Aktienhöhenflüge ähneln Kinderpartys. Die Pänz kommen zusammen, haben eine großartige Zeit und gehen glücklich nach Hause. Ähnliche Hochgefühle verspüren Aktienanleger in einer Hausse. Die Kurse steigen und steigen. Manchmal entstehen spekulative Blasen. Das lieben Investoren, denn sie werden immer reicher. Aber wehe, wenn die Finanzblasen platzen! Dann verfallen die vormals euphorischen Anleger in tiefe Depressionen. Sie sind zumeist ärmer als zu Beginn der Party. (Finale Analogie zu den Kinderpartys: Viele enden für Eltern auf traumatische Art in der Nacht danach; ich begnüge mich mit den Stichworten „Käsewürfel“, „Würstchen“, „Ketchup“.) 
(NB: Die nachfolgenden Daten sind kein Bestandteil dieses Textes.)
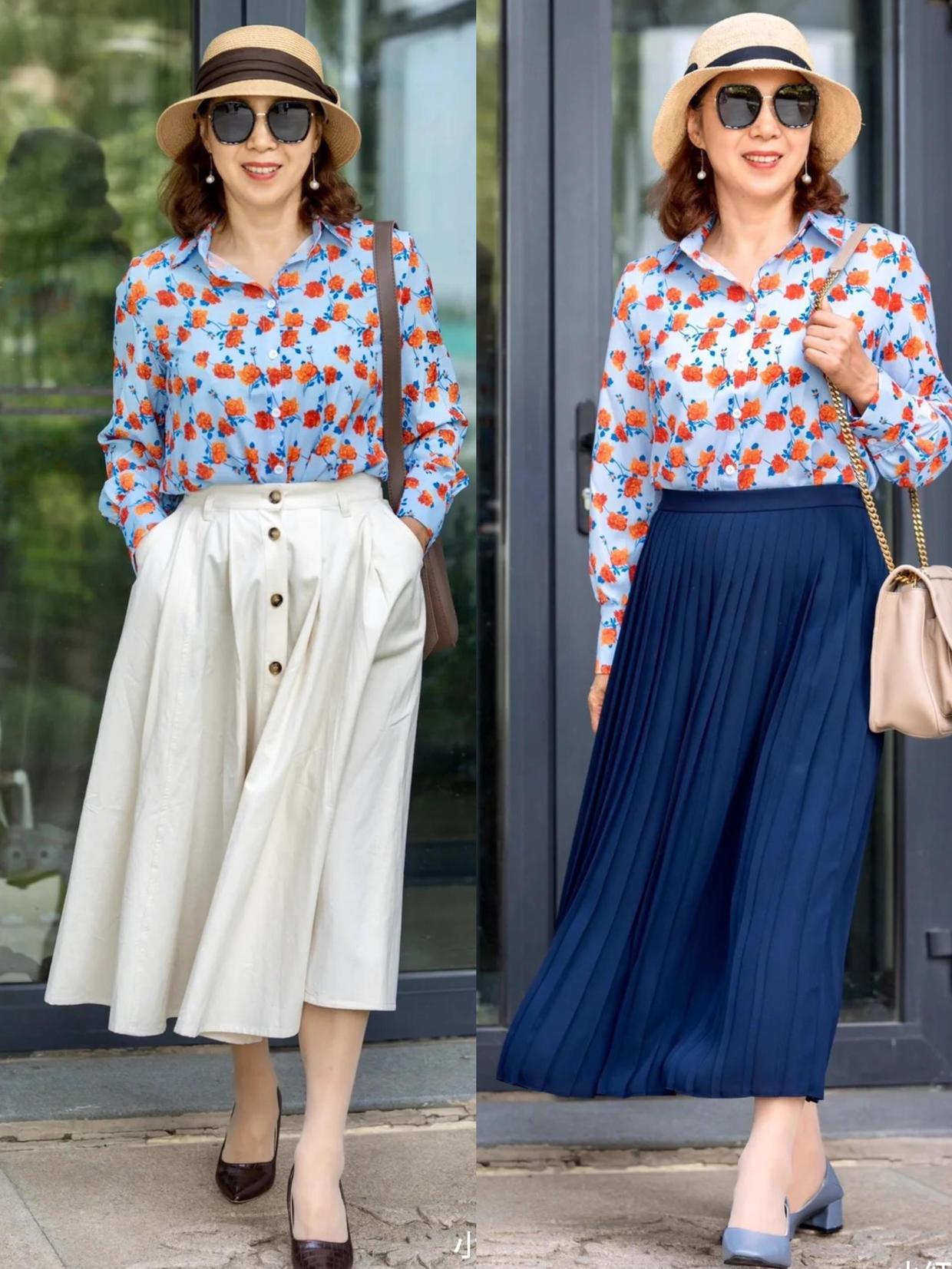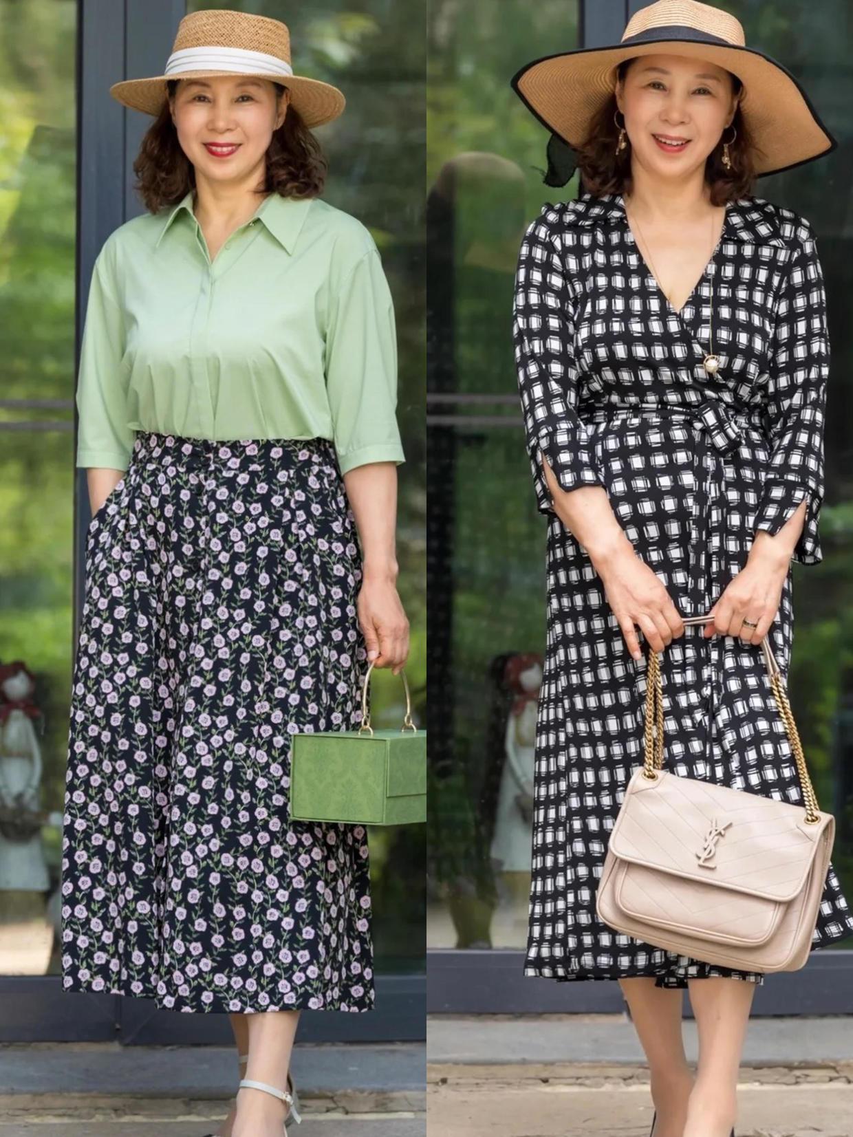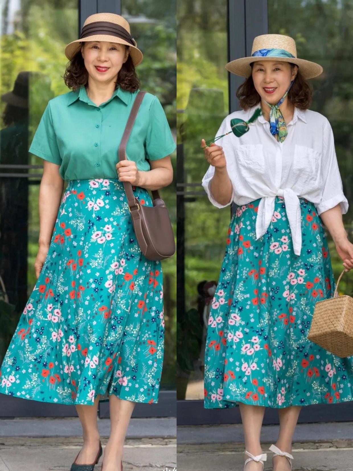 衬衫和半身裙的搭配挺经典的,普通女孩可以直接照搬,像这些奶奶用短衬衫配高腰裙,白色衬衫,绿色衬衫也都可以搭配起来,很有气质,结合了这些高腰的半身长裙,可以修饰胯宽问题,也能够演绎出轻盈和飘逸的感觉,再加上塞衣角的方式修饰了腰身,就可以调节你的比例喽。
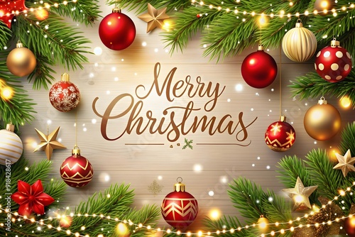 Background with lettering Merry Christmas, realistic pine branches, luminous garlands, serpentine, glitter gold snowflake. Christmas greeting card, poster, postcard, banner
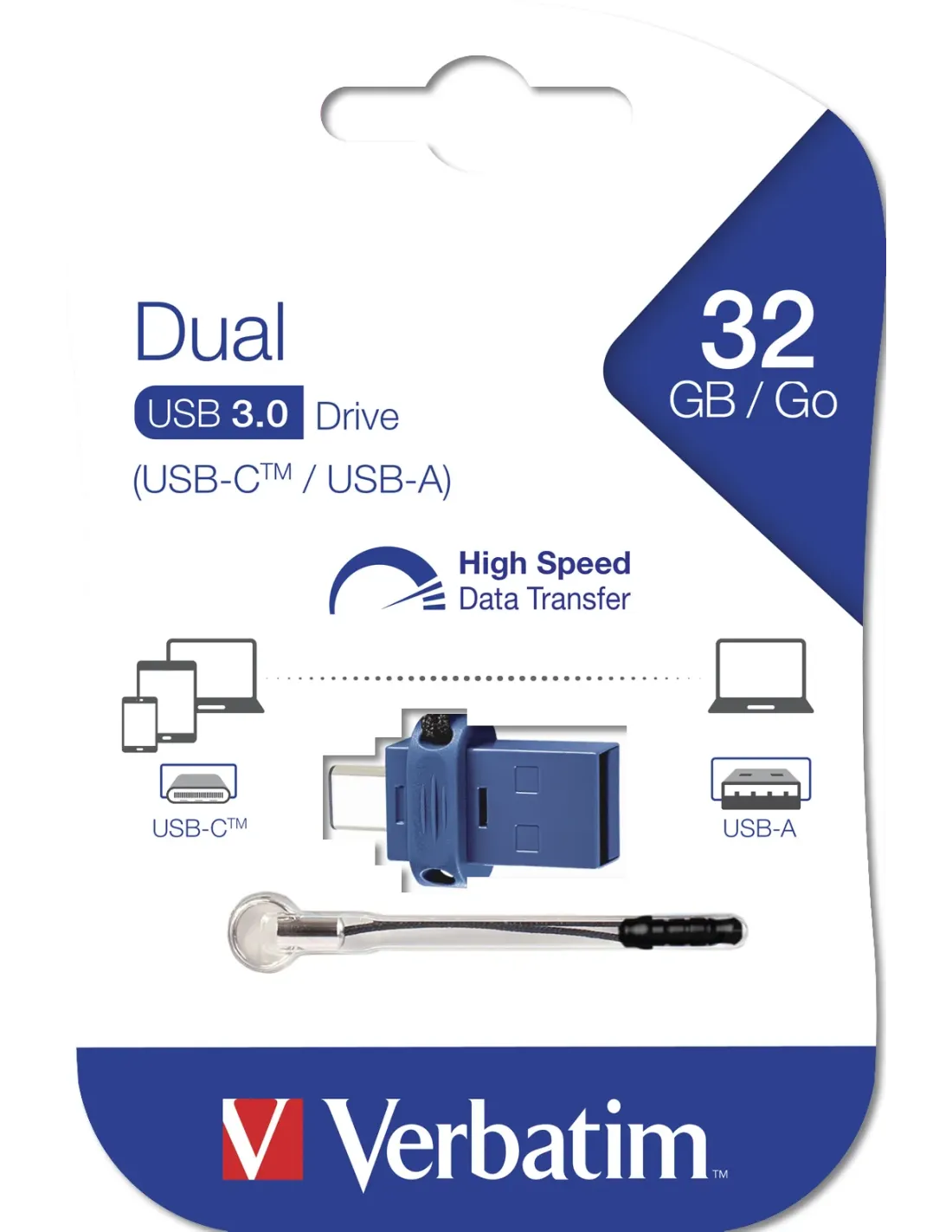 Verbatim Dual - Unidad USB 3.0 de 32 GB - USB-C / USB-A - Azul
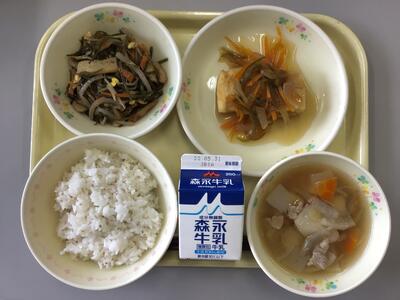 ごまごはん,牛乳,揚げ出し豆腐の野菜あんかけ,すき昆布の炒り煮,豚汁
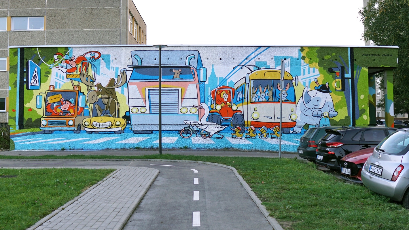 Freskose pavaizduotas miestas, kuriame gyvūnai – vaikams pažįstami ir draugiški personažai – atsakingai elgiasi eisme: praleidžia pėsčiuosius, vadovaujasi kelio ženklais ir rodo gerą pavyzdį kitiems“, – pažymėjo Kauno savivaldybės atstovai.
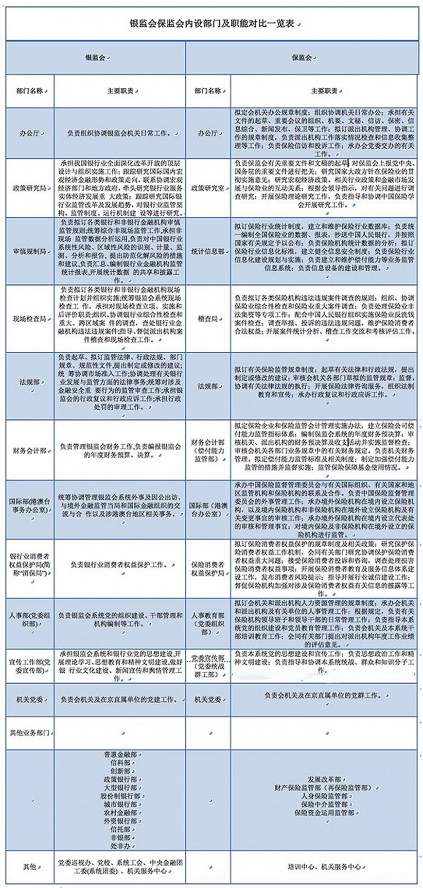 针对目前银监会、保监会内设部门和主要职责对比,界面新闻初步梳理如下:
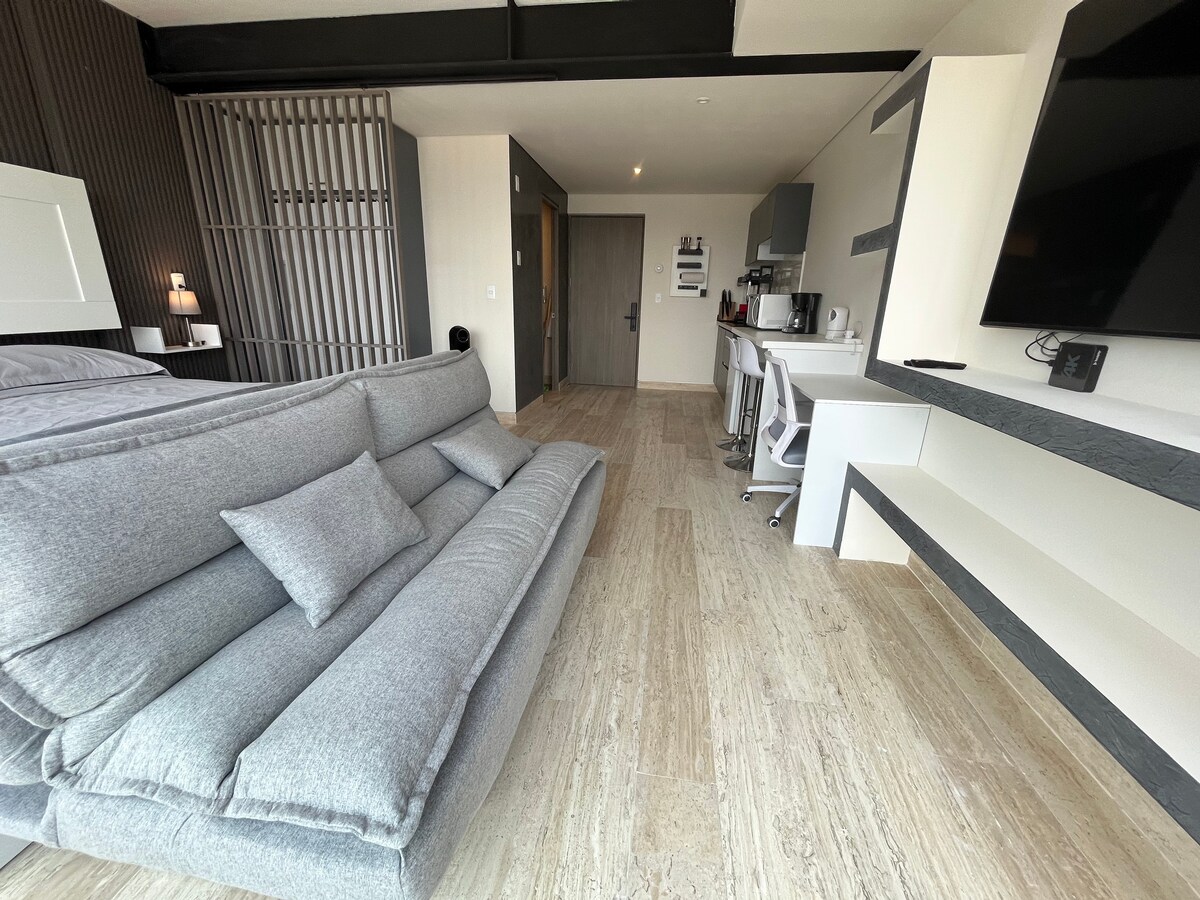 Loft com jacuzzi, academia e espaço de coworking. Perto de Polanco
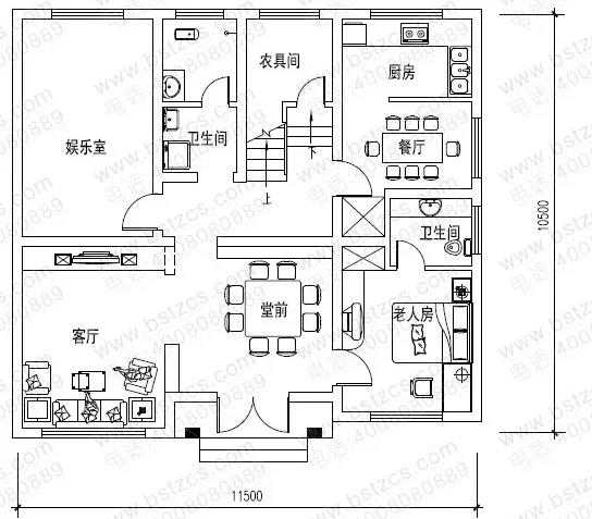 一 層: 堂屋、客廳、老人房(附衛生間)、娛樂室、廚房、餐廳、農具間、衛生間
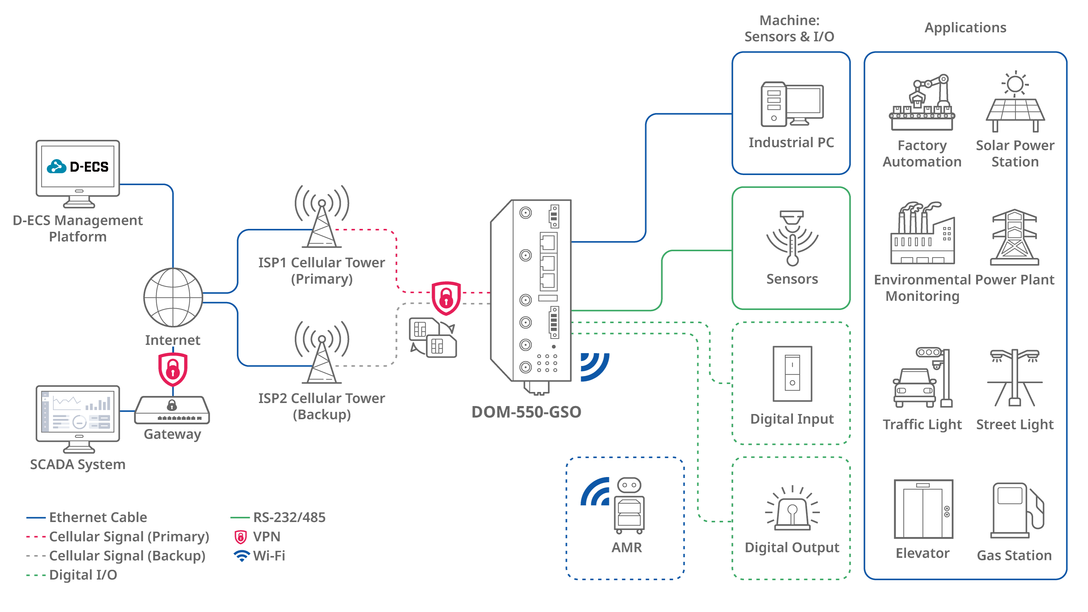 The DOM-550-GSO 5G IIoT Gateway boosts industrial operations with dual 5G and Ethernet connectivity, integrating easily with both new and existing systems. It supports multiple interfaces, including Modbus TCP/RTU/ASCII, Ethernet, Digital I/O, and RS-232/485, facilitating seamless connections and reducing the need for costly infrastructure upgrades. Ideal for rigorous industrial environments, the DOM-550-GSO ensures high-reliability networking suitable for IoT sensors, Digital I/O, IPC and machinery or equipment in remote locations. The user-friendly web interface facilitates easy configuration, supporting industrial applications such as factory automation, solar power stations, environmental monitoring, power plant and more. Whether optimizing traffic lights, monitoring elevators or gas stations, the DOM-550-GSO ensures robust performance and scalable connectivity for critical IoT operations, allowing industries to expand their real-time remote monitoring and control capabilities as needed.
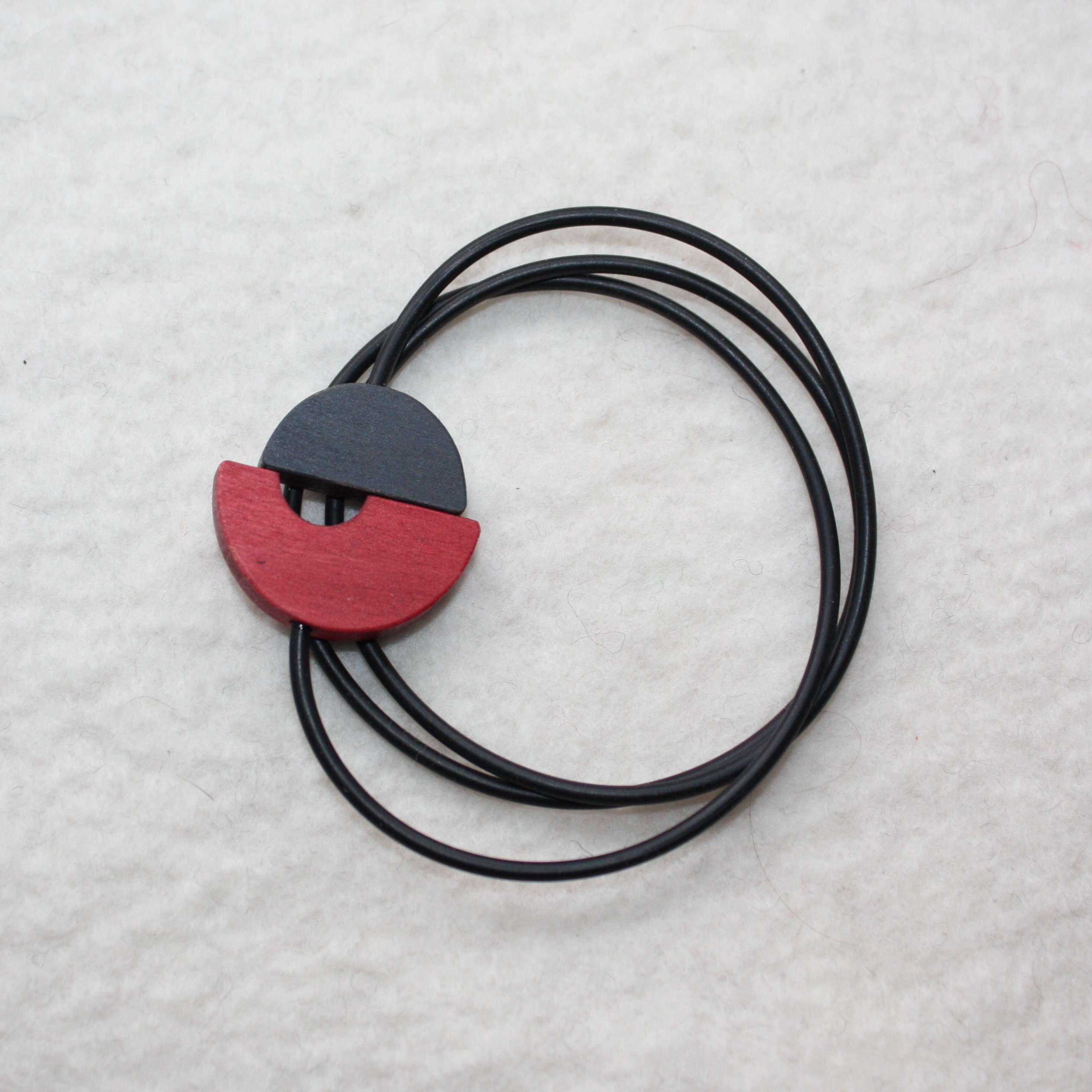 Schmuck fürs Armgelenk als perfekte Ergänzung der Kollektion. Die beiden Teile aus handbemaltem Ahorn in aufeinander abgestimmten Farben ergänzen sich zu einer Form.Hier sind Magnete versteckt, die das Armband verscließen, was man leicht mit einer Hand bewerkstelligen kann: das Kautschukband um den Arm wickeln und die Magnete zueinander bringen- flutsch!
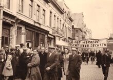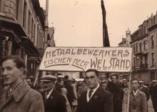 De 1-meistoet 1947 op de Alfons Pieterslaan. Er wordt een bord gedragen met de tekst : "Metaalbewerkers eischen meer welstand"
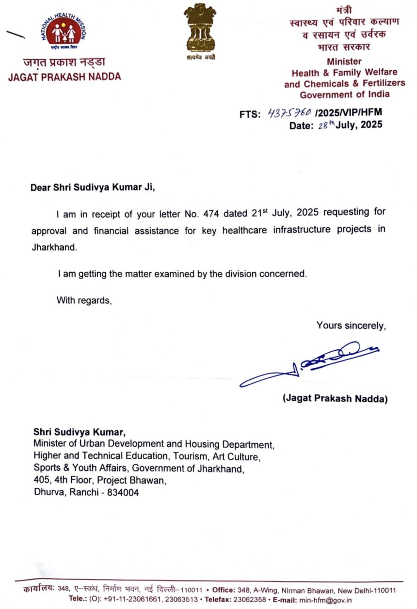उन्होंने केंद्रीय स्वास्थ्य मंत्री जे.पी. नड्डा का आभार जताते हुए कहा कि केंद्र के सहयोग से झारखंड में मेडिकल कॉलेज खोलने का मार्ग प्रशस्त हुआ है। जुलाई माह में मंत्री सुदिव्य कुमार ने खुद केंद्रीय स्वास्थ्य मंत्री को पत्र लिखकर राज्य की चुनौतियों का जिक्र किया था। उन्होंने बताया था कि करीब 3.92 करोड़ की आबादी वाले झारखंड में फिलहाल केवल 9 मेडिकल कॉलेज हैं, जबकि राष्ट्रीय मानक के अनुसार यहां 39 मेडिकल कॉलेज की आवश्यकता है।

Nicht jede Spekulationsblase endet mit einem Knall

Das tückische an Börsenblasen ist, dass sie nicht den gleichen Verlauf nehmen wie, sagen wir, Seifenblasen, die früher oder später immer platzen werden. Denn Börsen-Blasen sind schwer vorherzusagen und auch nicht immer als solche zu erkennen. Manchmal platzen sie mit einem lauten Knall, manchmal lassen sie nur ein klein wenig Luft ab, manchmal passiert überhaupt nichts. Anleger sind erst im Nachhinein schlauer.  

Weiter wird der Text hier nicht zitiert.